Did anyone get a picture of StepDaddy Ken givin Dustin a congrats hug?!!  or his new Uncle Steve patting him on the back telling him "he'll grow up one day"....

Great shooting Dustin...  Had to give you a little crap though....  Rob post them pictures...I know you took them 




SecretAgnt said:


> Again ... One of the best shoots I have ever been too ... Loved the terrain and the shots .... The shootoff was Spectacular ... Steve and Dustin it was a pleasure shooting with you two guys ... Best round I have ever shot as well ....


----------



## beckyfbg (Mar 28, 2010)

Thanks to all who came out to the shoot. Our turn out was great. We had about 60 shooters. For our first one that was pretty darn good. We should be scheduling another one for around late summer before bow season. We will try to get some pics up on this forum & Foggy Bottom Girls web site by the first of this week. Also congradulations Steve, Dustin, & Mike. Yall put on a heck of a show.


----------



## thompsonsz71 (Mar 28, 2010)

we tried


----------



## SecretAgnt (Mar 28, 2010)

Thanks Becky, 

Did you let Jamie get some sleep today ??  ... 

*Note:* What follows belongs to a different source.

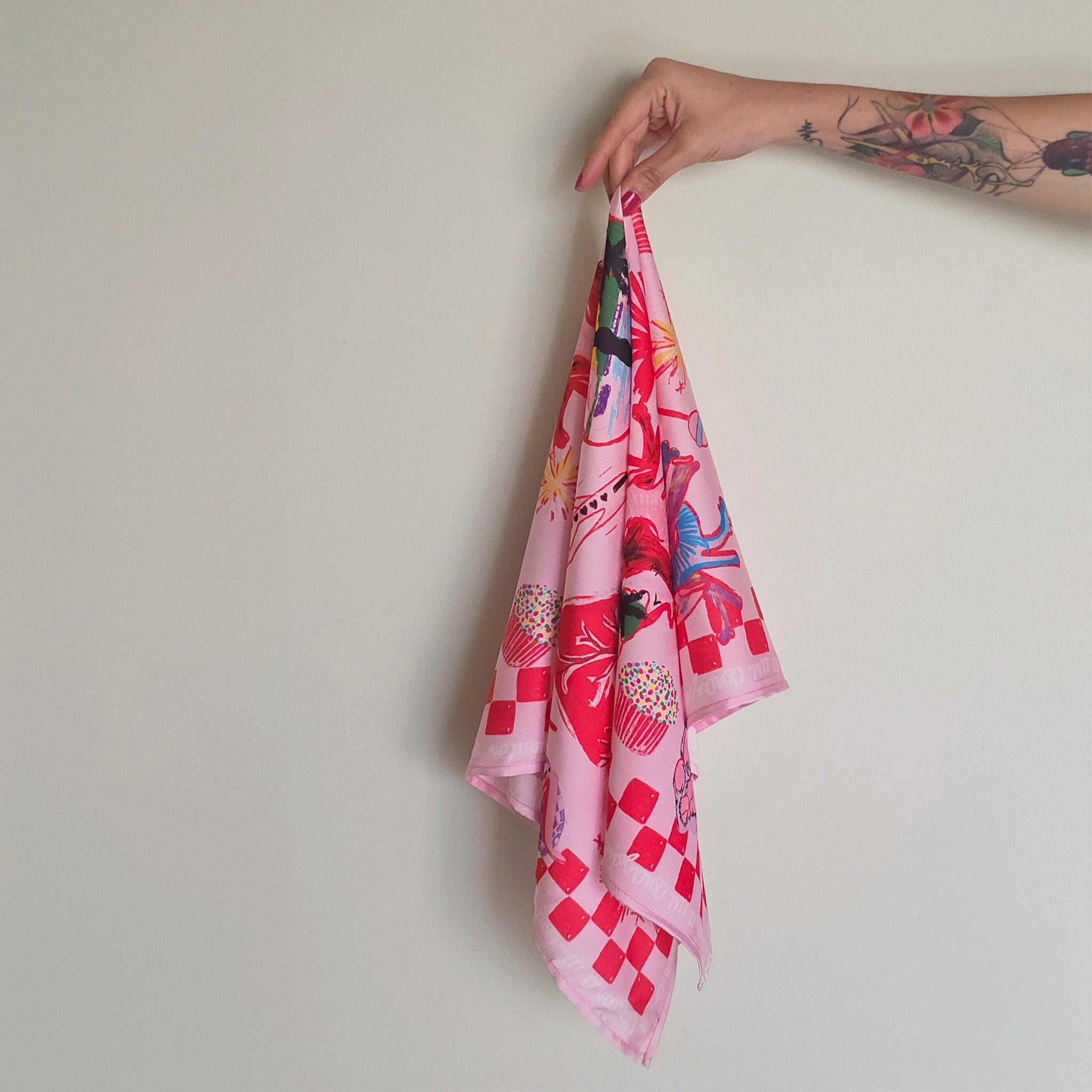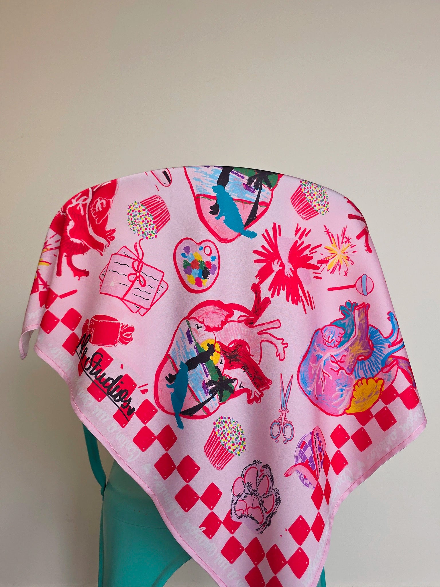 Pañoleta de seda de 70x70 cm con un estampado que celebra la felicidad en sus formas más simples. 💫

That boy looked tired yesterday afternoon 

Mike


----------



## beckyfbg (Apr 2, 2010)

Yeah I did.. I will try and get some pictures on the website Sunday or Monday when I get home from FL..


----------



## beckyfbg (Apr 8, 2010)

Im sorry guys it has taking me so long to get the pictures up from the shoot.  It's been a long last week and this week. Tonight I will get some of them up. Thanks everyone!!!


----------



## beckyfbg (Apr 8, 2010)




----------



## BMCS (Apr 8, 2010)

*Sweet*

Thanks for posting the pictures. Make me want to get on the floor and do some sit ups.  Nah I'll do it tomorrow.


----------



## thompsonsz71 (Apr 14, 2010)

hahhahaahh! funny rob! gotta get to lookin good in that bathing suit


----------